I was wondering if anyone had enough experience to know if meranti would be suitable for a display cabinet I am to make. The cabinet is required to be as much glass and little wood as practically possible in order to maximise the view of the contents. Given this, and the fact that it is to be 78" tall by 40" wide and 14" deep, the timber frame will need to be very strong and stable to hold the weight of the glass (and withstand the installation!)

I think beech is too susceptible to movement (ie. shrinkage in a centrally heated house) and oak too expensive at around £100. I can get meranti for about £60. I gather it is very stable, but is it strong enough? Or maybe ash would be a better prospect?

The finished article needs to be dark in colour so, if I used a lighter timber I would just stain it. I know ash stains very well, but the meranti would suit as it comes.

Any advice / thoughts would be most welcome.


----------



## cabinetman (Jul 5, 2007)

Meranti would be a suitable specie. It's about equal in strength to Oak.
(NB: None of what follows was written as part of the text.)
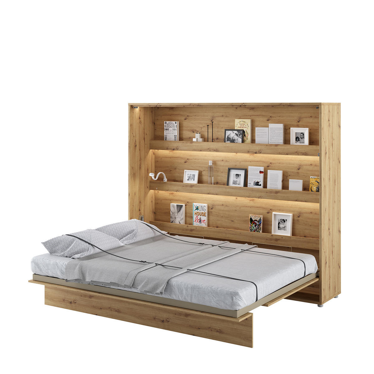 SCHRANKBETT BC-14 - 160x200cm Horizontal - Artisan Eiche mit Matratze - Eiche Artisan, Holzwerkstoff (200/160cm) - MebliniMeblini

Other common specie suitables would be Mahogany, White Oak, Maple, and Birch. Your location will be the determining factor of price and availability.


----------



## Jamie 08 (Mar 26, 2008)

Thanks for that, Cabinetmaker. You're right about location and availability - decent hardwoods are difficult to come by around here - I can't even get beech anymore and this used to be the most commonly available hardwood. Ash is still in plentiful supply, but I'm not sure it would be suitable for this job - I don't think you use this so much in the US? I get the impression that timber (lumber?) is a cheap commodity on your side of the water. 34 feet of 7 X 1 oak for this job would be $200. About $120 for the same quantity of meranti.


----------